**Exercise objective**:
Take the lines from the beginning of the material through the line containing "magnificent custom Spanish" and retype them exactly, leaving the pictures out.

**Data below**:
──────────

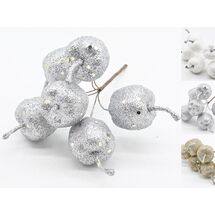 Pik z brokatowymi jabłkami 6 sztuk srebrny / złoty / biały
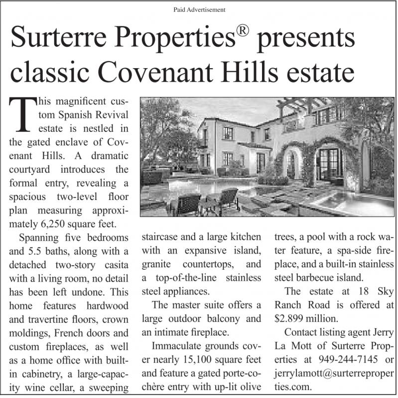 magnificent custom Spanish Revival estate is nestled in the gated enclave of Covenant Hills. A dramatic courtyard introduces the formal entry, revealing aspacious two-level floor plan measuring approximately 6,250 square feet.
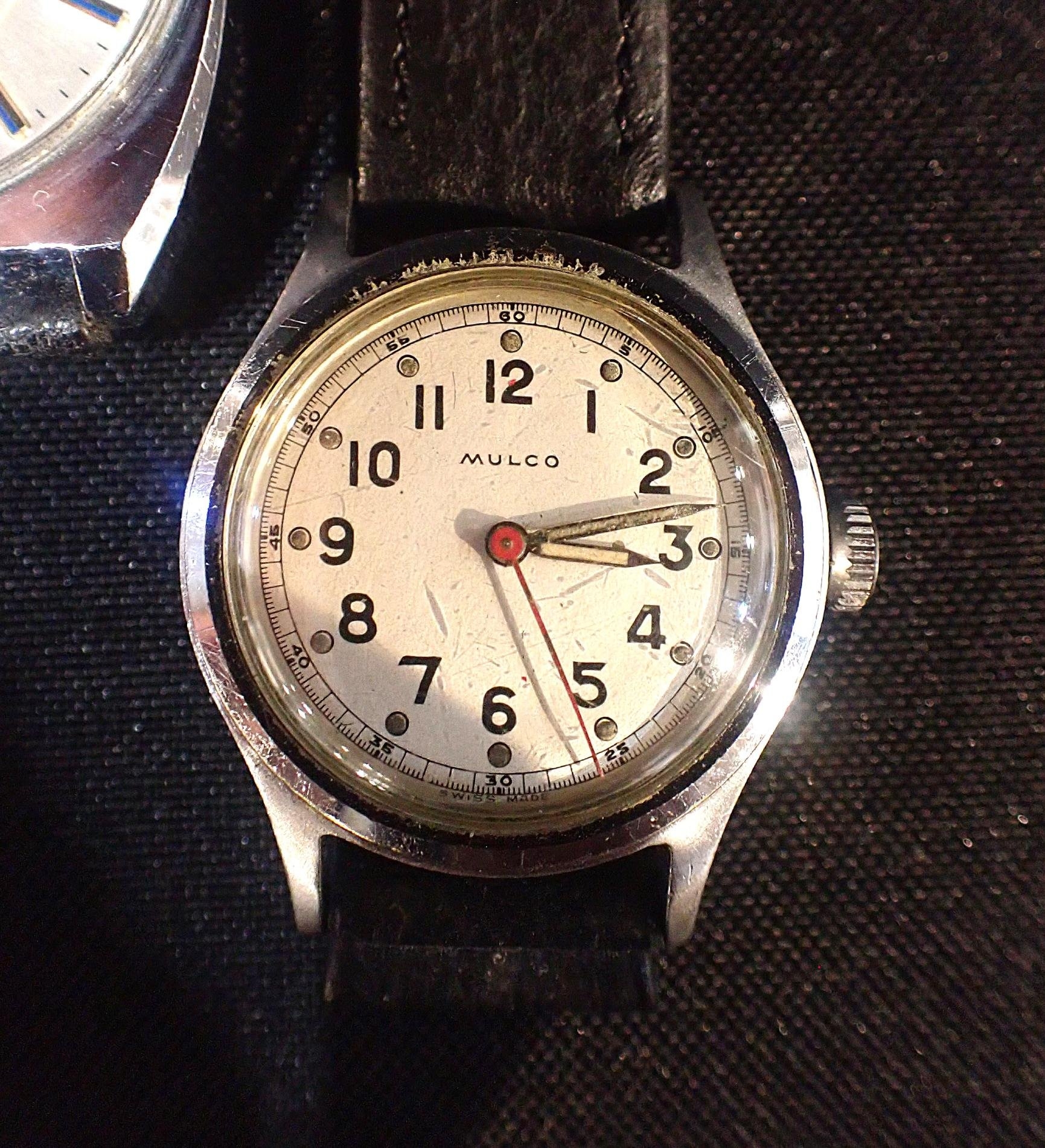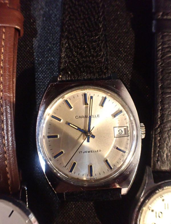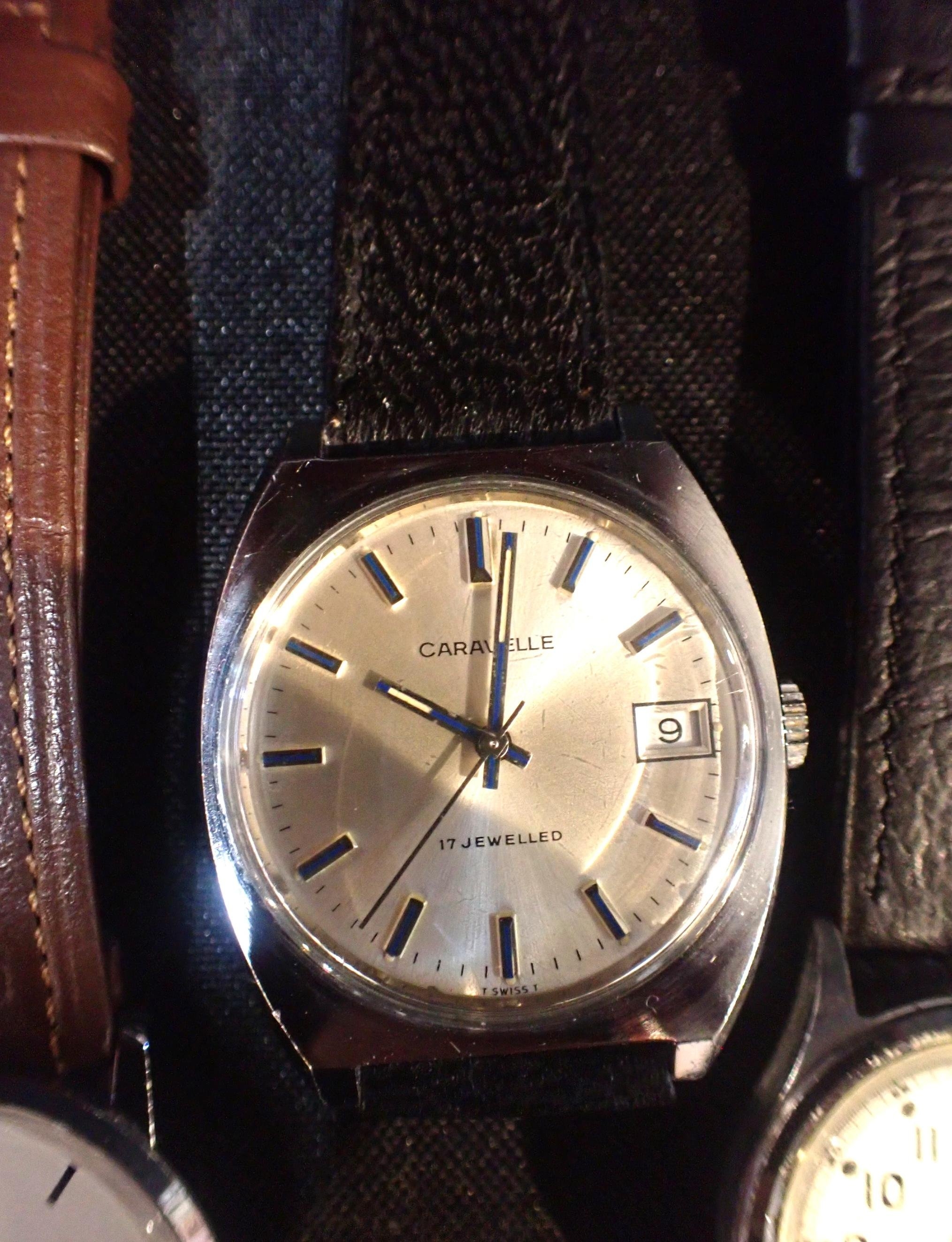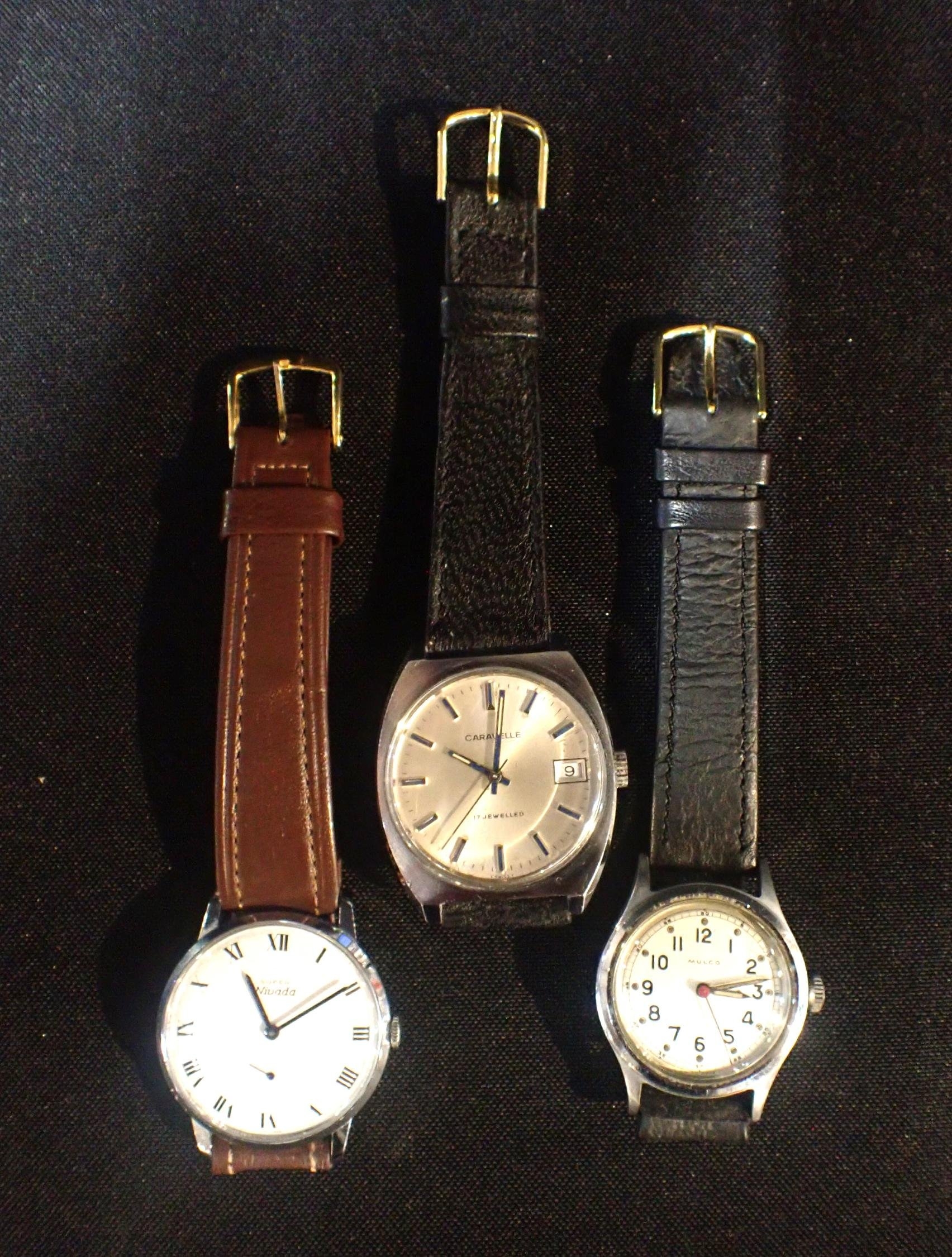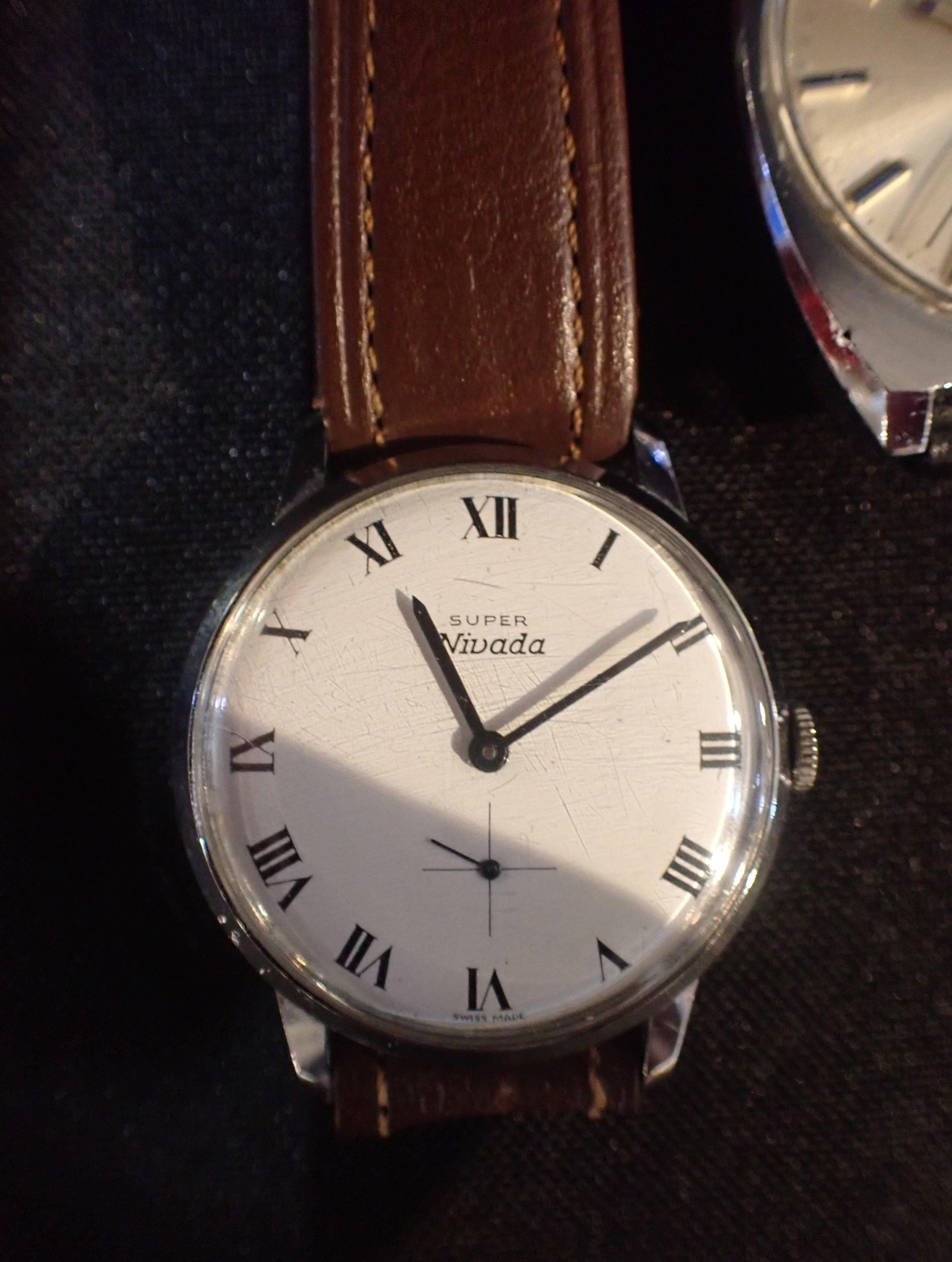 with manual wind movement, white dial, black roman numerals, dark blue steel hands; together with two other gentlemen's wrist watches (3)

──────────

**Result**:
 Pik z brokatowymi jabłkami 6 sztuk srebrny / złoty / biały
 magnificent custom Spanish Revival estate is nestled in the gated enclave of Covenant Hills. A dramatic courtyard introduces the formal entry, revealing aspacious two-level floor plan measuring approximately 6,250 square feet.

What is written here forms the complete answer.